In order to take account of these changes, at the joint annual meetings of shareholders of Carnival Corporation and Carnival plc held on April 15, 2009, our shareholders adopted amended and restated Articles of Association of Carnival plc, which are consistent with current law and practice and with the changes brought about by the Companies Act 2006. The amendments to the Articles of Association of Carnival plc were described in our joint annual proxy statement filed with the U.S. Securities and Exchange Commission on March 2, 2009.

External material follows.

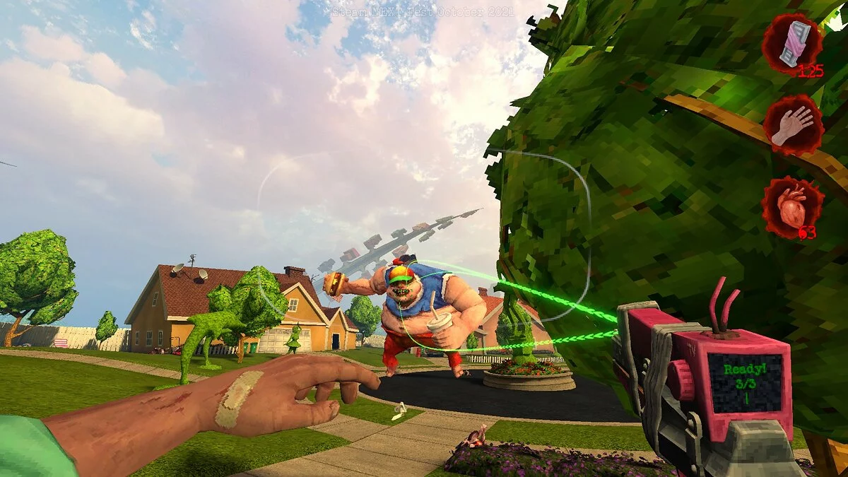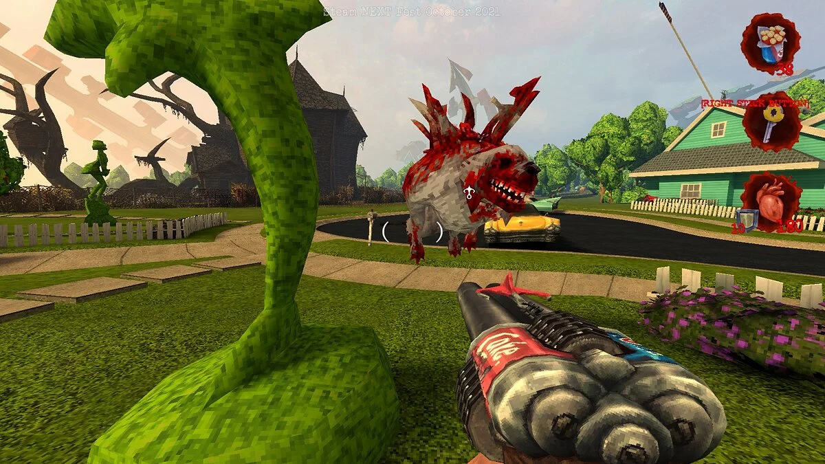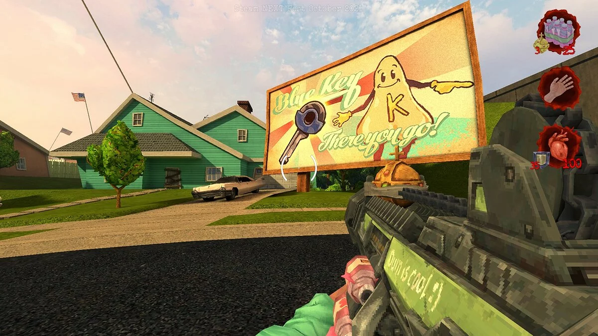 Подобное однообразие не идёт Brain Damaged на пользу. Одинаковые дома, три внешности для мирных NPC, четыре типа врагов — этого мало. Есть ощущение, что в Postal 2 разнообразия было на порядок больше, и ассеты повторялись не так часто.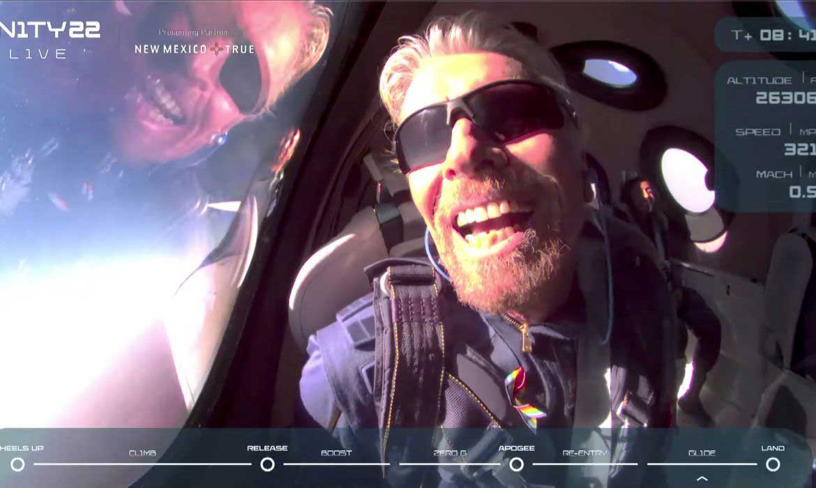 Branson, de 70 anos, com dois pilotos e três especialistas da empresa Virgin Galactic atingiram uma altitude de cerca de 88 quilômetros. Viajaram na vertical a uma velocidade três vezes superior à do som, o que foi suficiente para conseguirem uns minutos de gravidade zero.

As a result of the amendments to the Articles of Association of Carnival plc and in response to corporate governance developments in the United Kingdom and United States, on April 14, 2009, our Board of Directors adopted the Third Amended and Restated By-Laws of Carnival Corporation, subject to shareholder approval of the amended and restated Articles of Association of Carnival plc. Simultaneous with the shareholder approval of the amendments to the Carnival plc Articles of Association on April 15, 2009, the Third Amended and Restated By-Laws became effective.The Third Amended and Restated By-Laws:
• amend Section 2.2 and add Section 3.22 to (a) adopt advance notice provisions to require shareholders to provide advance notice of their intention to submit proposals or director nominations prior to shareholder meetings, including procedures and timelines for such shareholder proposals and director nominations and (b) adopt requirements for any proposing shareholder to provide Carnival Corporation with certain information;
• add Section 3.21 to include a provision authorizing the Board of Directors of Carnival Corporation to act by written consent, consistent with the Third Amended and Restated Articles of Incorporation of Carnival Corporation; and
• add Section 3.23 to permit the Carnival Corporation board of directors to waive a conflict of interest (and certain fiduciary duties owed to the company) for a director if certain conditions set by the board are met.
In addition, on April 15, 2009, the Carnival plc Memorandum of Association was amended to reflect the increase in the authorized share capital of Carnival plc, which was approved by shareholders at the joint annual meetings of shareholders of Carnival Corporation and Carnival plc held on April 15, 2009.
(d) Exhibits.
3.1 Third Amended and Restated By-Laws of Carnival Corporation.
3.2 Memorandum of Association of Carnival plc.
3.3 Articles of Association of Carnival plc.